Когда Перикл на закате дней отчитывался перед народом, как его слуга, он сказал, что ни одной афинской матери за время его правления не пришлось надевать траур и оплакивать погибшего на войне сына. Об этой его речи напомнил Урхо Кекконен, открывая в Лахти памятник героям войны. Как классик финской литературы Юхани Ахо в своих мечтах видел Суоми новой Элладой, так и нынешний президент, я уверен в этом, мечтает в свое время повторить слова Перикла. Вряд ли можно сравнивать древнюю Афинскую республику с нынешней Финской, но нужно все же сказать, что нынешняя внешняя политика, позволившая свести до минимума военные расходы, развивать взаимовыгодные экономические связи, намного подняла благосостояние страны. И если нет пока здесь ни Фидия, ни Парфенона, то разве не произросла тут плеяда замечательных архитекторов и ваятелей: Сааринен и Альвар Аалто, скульпторы Вяйне Аалтонен и Калерво Каллио, Аймо Туккиянен и Эсси Ренваль, украсившие города современной Финляндии, ее музеи, мосты, стадионы. Памятник героям войны в Лахти — тоже творение Вяйне Аалтонена.

— Да, на сердце я не жалуюсь, — отвечает Урхо Кекконен на мое замечание, что нужно здоровое сердце, чтобы в день пройти на лыжах тридцать километров. — Да и нервы у меня в порядке. А это первое дело для политического деятеля. Если бы я плохо спал из-за личных выпадов и несправедливых оскорблений, которые сыплются на меня, и наутро вставал не в форме, то в политики не годился бы.

И впрямь, сплотившие на этих выборах свои силы правые в предвыборной борьбе не брезговали средствами, не всегда достойными.

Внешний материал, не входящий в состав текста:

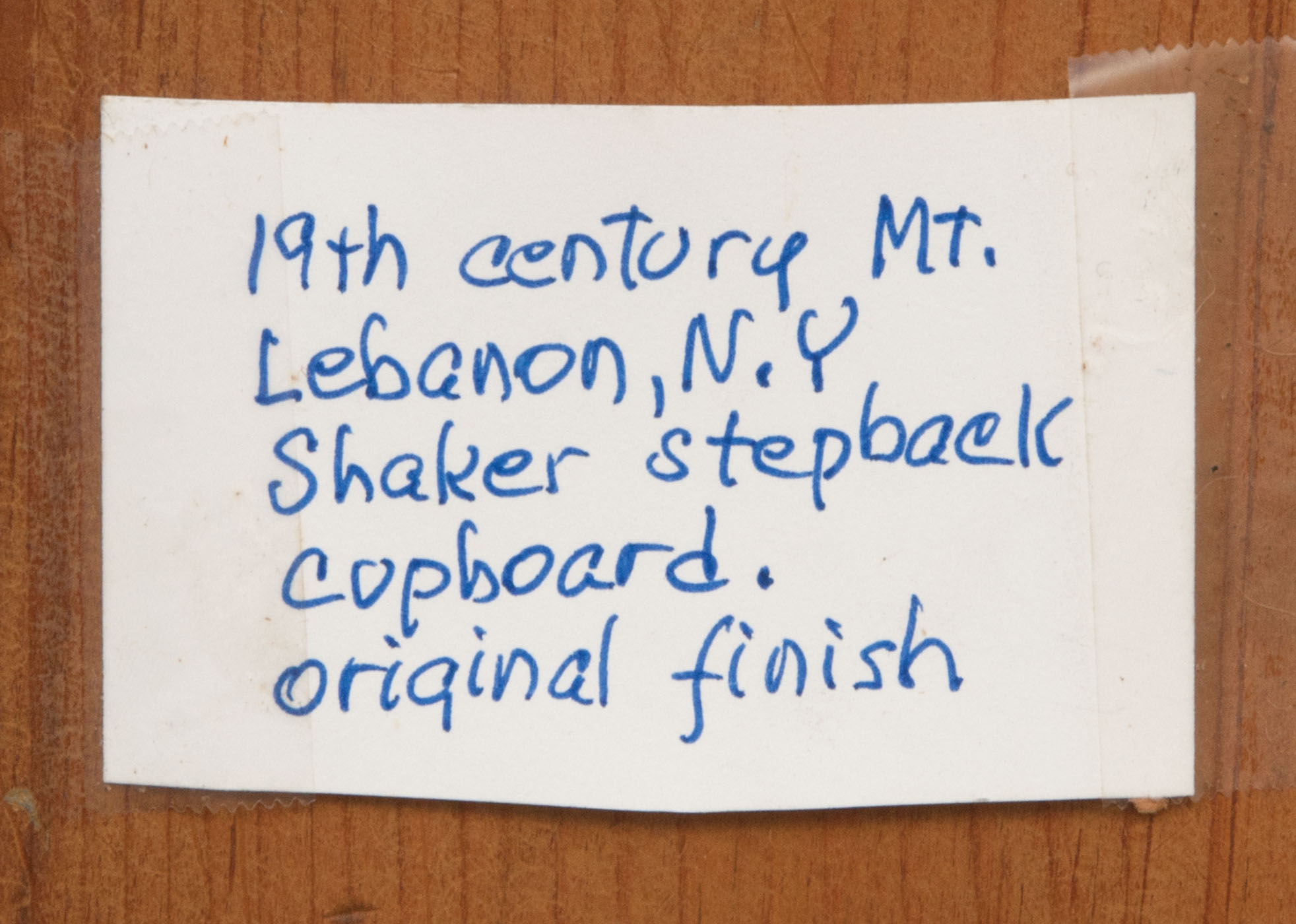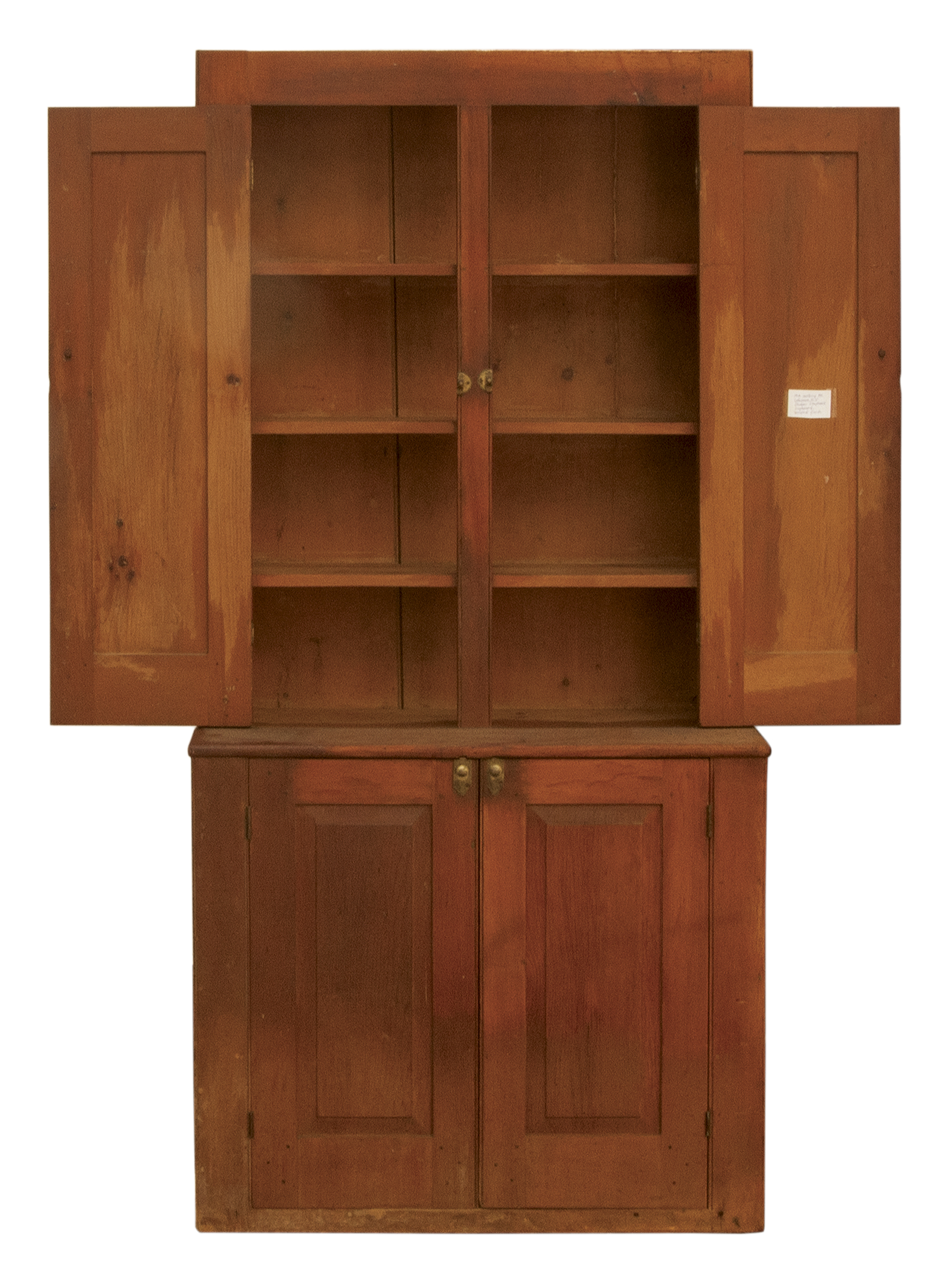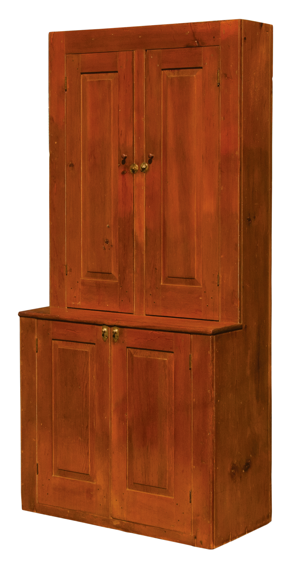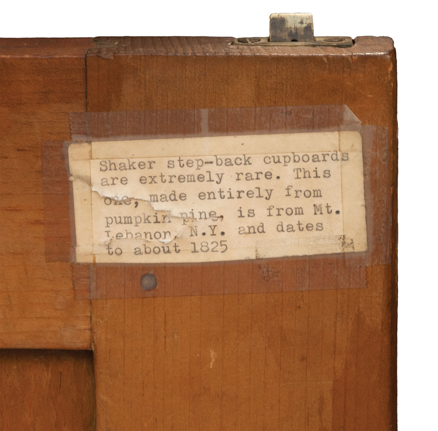 Pine, traces of original brown stained finish, two vertical raised panel doors, with original finely turned cherry wood pulls, through mortise and pin construction, brass door closures, thumbnail molding on corner sides and either side of the doors, three-shelf interior with plate rails, bottom section with similar raised panel doors through mortised and pinned, “Mt. Lebanon N.Y. stepback cupboard c. 1830, purchased from a New Lebanon, N.Y. antique shop in the 1980’s, Ed Clerk Estate Collection.”, 6′ 11″ h, 39 1/2″ w, 8 1/2″ d (top), 18 1/2″ d (base), (ex. Ed Clerk collection).
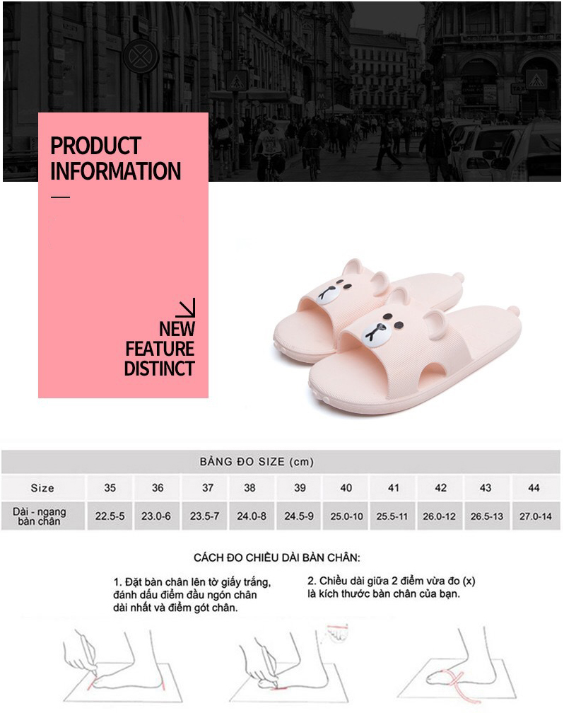 - Đế dép bằng cao su nhẹ êm chân, cao 1,5CM cùng thiết kế CHỐNG TRƠN TRƯỢT AN TOÀN.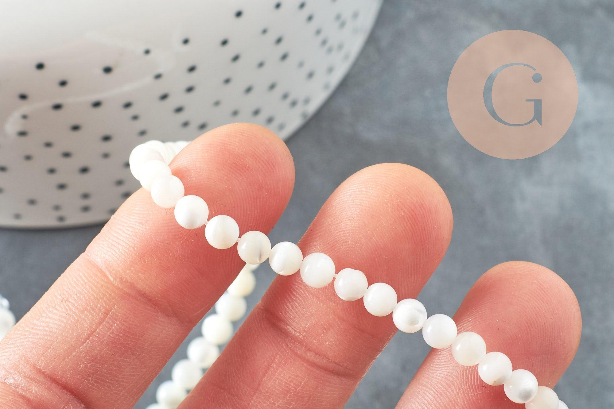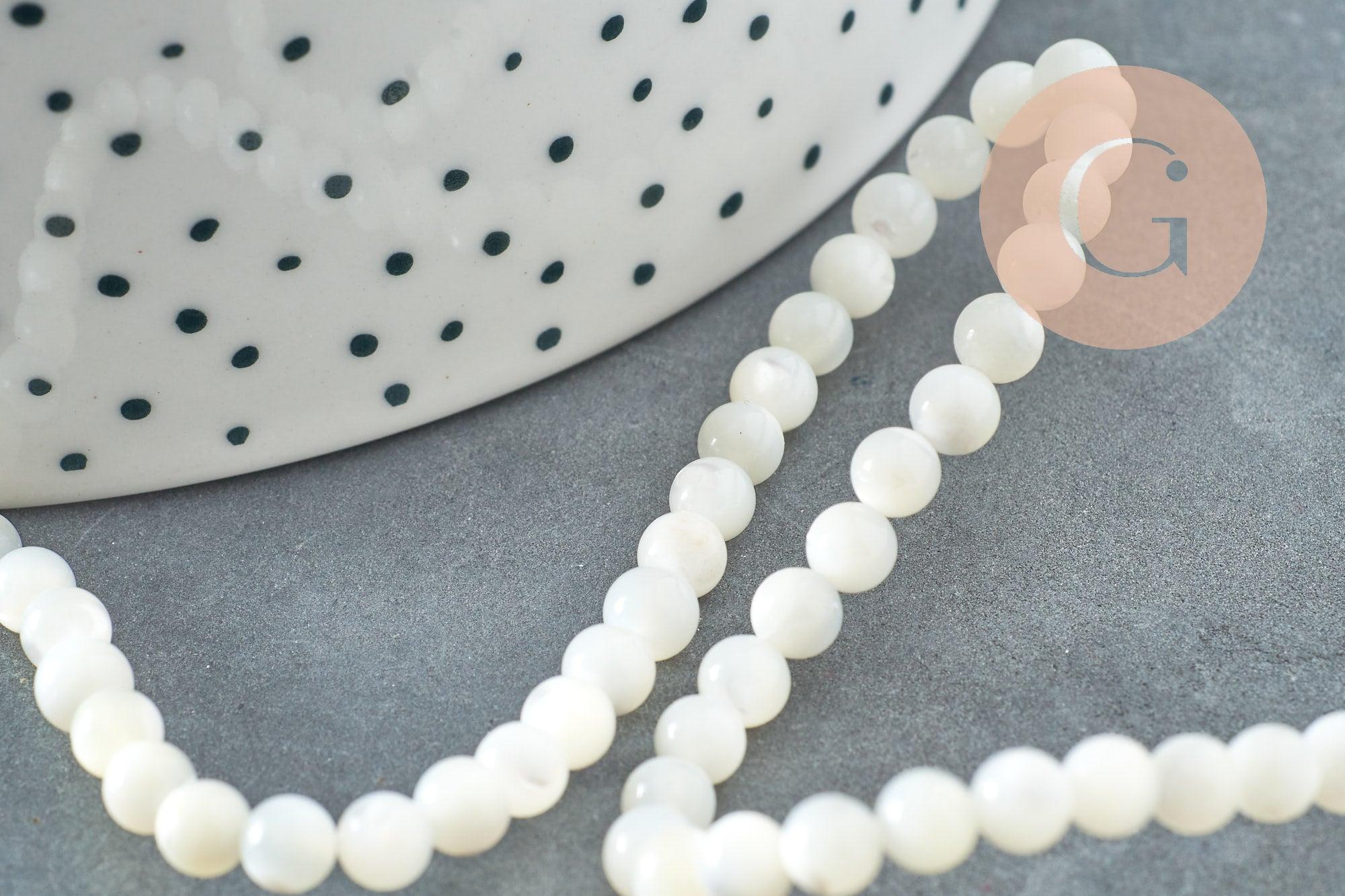Fall for the timeless elegance of this strand of round natural white mother-of-pearl beads , cut from real shells. Each bead delicately reflects the light and brings a touch of softness and refinement to your jewelry creations.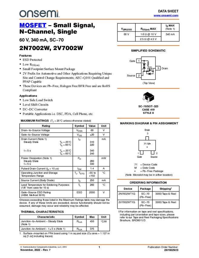 2N7002WT1G N-Channel Small Signal MOSFET 60V, 340mA, 1.6Ω
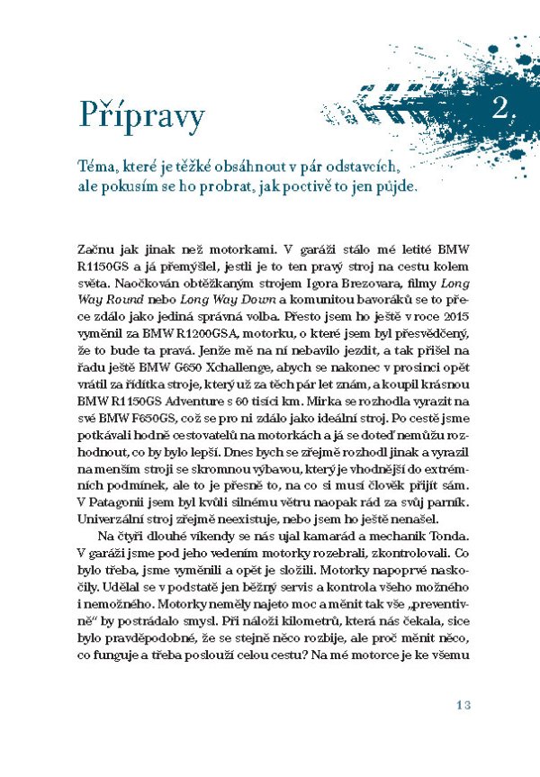 V dubnu 2016, rok a půl od nápadu projet svět, stojíme já a Mirka v centru Brna na startu naší životní cesty. Mísí se v nás strach i vzrušení, teď už se cuknout nedá. Následující skoro dva roky nás naše věrné stroje dennodenně unášejí krajinou vstříc novým zážitkům. Od pouští Íránu přes velehory střední Asie až do Země vycházejícího slunce. Přes oceán do nejjižnějšího města světa, kolem solných plání, inckých památek a zasněžených vrcholků And až do zemí kávy, kakaa a rumu.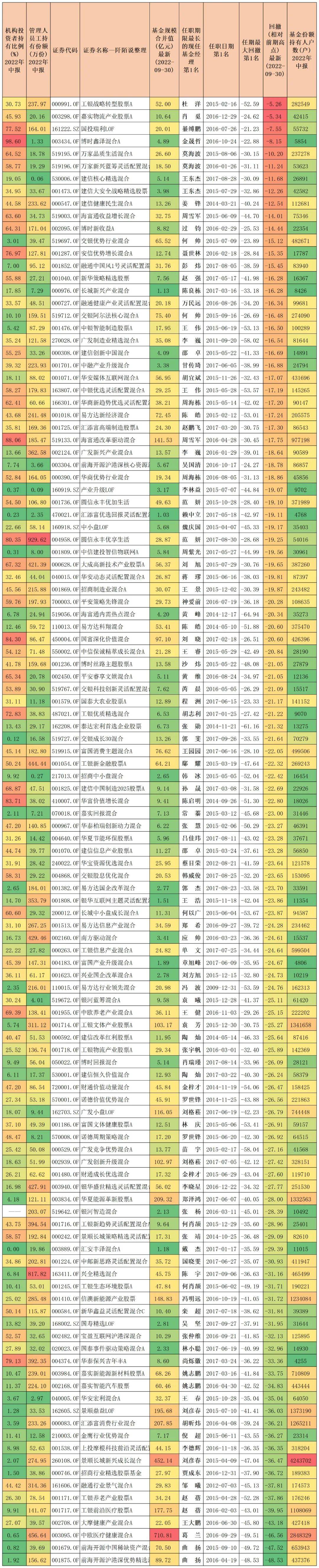 118只基金按照目前相对前期高点的回撤排序如下,其中杜洋、肖觅、綦缚鹏等回撤较小,榜单底部的基金经理就是读者想知道的“最近比较拉胯的基金经理”。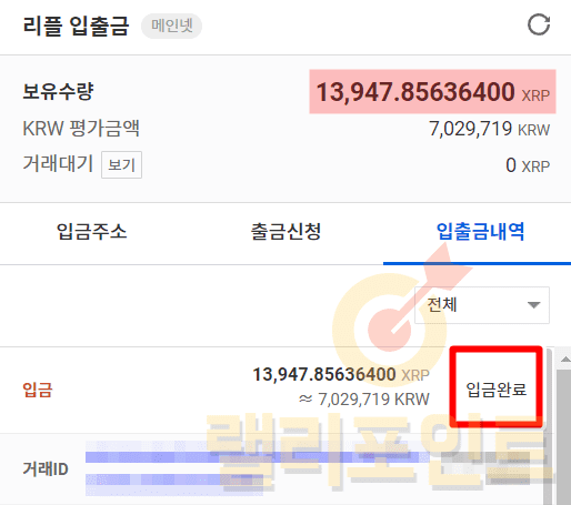 입금완료를 확인하시고 전송된 리플의 보유수량을 보시면 됩니다. 이제 원화로 돈을 출금하고 싶으시다면 업비트 원화 출금 방법 (수수료, 한도금액)을 이용하세요.

В Суоми среди обязанностей президента внешняя политика занимает первое место. Вот почему, а не только из-за опасения, что меня упрекнут за вмешательство во внутренние дела финнов, я в своей беседе сосредоточил внимание именно на этой стороне деятельности. Внутренняя же политика в Суоми определяется в основном правительством, ответственным перед парламентом. Сейчас парламентские скамьи занимают двести депутатов восьми разных партий, из которых ни одна не имеет даже относительного большинства. Так что при создании правительства сколачиваются коалиции, при которых партиям, естественно, приходится идти на те или иные компромиссы. Сейчас у руля коалиция социал-демократов, партии центра и коммунистов (ДСНФ). Разумеется, что и левые социал-демократы и коммунисты во многом расходятся с буржуазной партией центра, с Кекконеном. Помыслы левых устремлены к социализму, партия же центра убеждена, что альтернативы быть не может. Кроме идейных, немало и расхождений в решении вопросов повседневной практики. Но в одном они сходятся — линия Паасикиви — Кекконена — единственно приемлемая.

Выставившие своим кандидатом директора крупнейшего банка Матти Виркунена, по совместительству председателя Союза офицеров запаса, представители правого блока утверждают, что они тоже не против нынешней внешней политики, но при этом идеализируют шовинистическую линию предвоенного времени. Чтобы расколоть правительственный блок в повседневной своей практике, они стремятся заморозить развитие экономических связей с социалистическими странами, требуют увеличить военные расходы. Это можно сделать лишь за счет социальных затрат, правые — против расширения государственного сектора промышленности и настаивают на том, чтобы представители ДСНФ (коммунисты) были изгнаны из правительства, так как они, мол, интернационалисты, а не «патриоты».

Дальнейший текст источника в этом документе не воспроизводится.